Re: Roadmap question
- From: Dan Williams <dcbw redhat com>
- To: Shane Bryan <dbryans gmail com>
- Cc: networkmanager-list gnome org
- Subject: Re: Roadmap question
- Date: Tue, 23 Jan 2007 12:39:04 -0500
On Tue, 2007-01-23 at 09:25 -0800, Shane Bryan wrote:
> I've searched the archives and not seen the topic I am curious about,
> so here goes...
>
> Does NM have plans (near or far) to also manage connections to
> WiMax/WMAN (802.16) networks and/or Digital Cellular (aka WWAN)
> networks?
Both; but certainly cellular before WiMAX. What the cell bits require
is the integrated PPP support, which we're working on.

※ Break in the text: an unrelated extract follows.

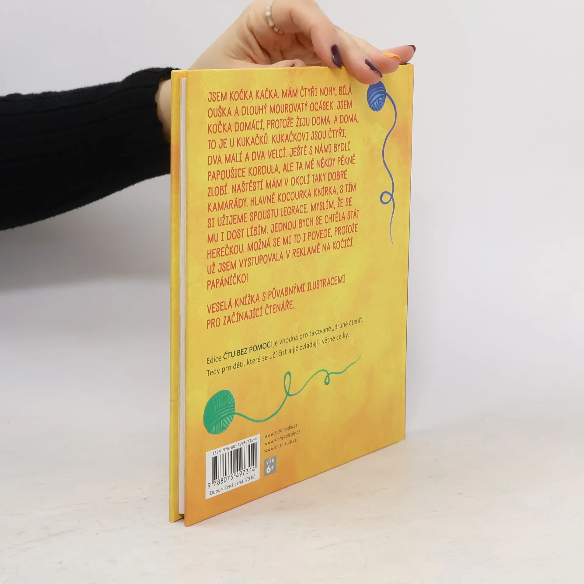 Veselé příhody kočky Kačky, která zažívá všední i nevšední dobrodružství se svou rodinou Kukačkových i se zvířecími kamarády ze sousedství. V první části knihy nás Kačka seznamuje s rodinou, do níž kromě táty, mámy a dvou dětí patří i papoušek jménem Kordula, ve druhé části sní Kačka o tom stát se herečkou, a skutečně nakonec zazáří v televizní reklamě na kočičí granule. Kniha uznávané české autorky, vyprávěná vtipným a srozumitelným jazykem, je ideální pro děti, které už jsou schopné číst jednodušší texty bez pomoci.

I'd really like to support WiMAX in the future too, but we'll need quite
a few things before that happens. First, we need to know what the
interface to the card looks like. Second, how much of the stack will be
running in firmware versus how much will be running on the host. Third,
how to tune various things that might need tuning, and fourth, we need
drivers for WiMAX cards :)
Companies like Sprint have committed to "mobile" WiMAX (802.16e) as
their 4G cellular standard, and I would like to support them in the same
manner as I'd like to support current GSM/CDMA cellular cards.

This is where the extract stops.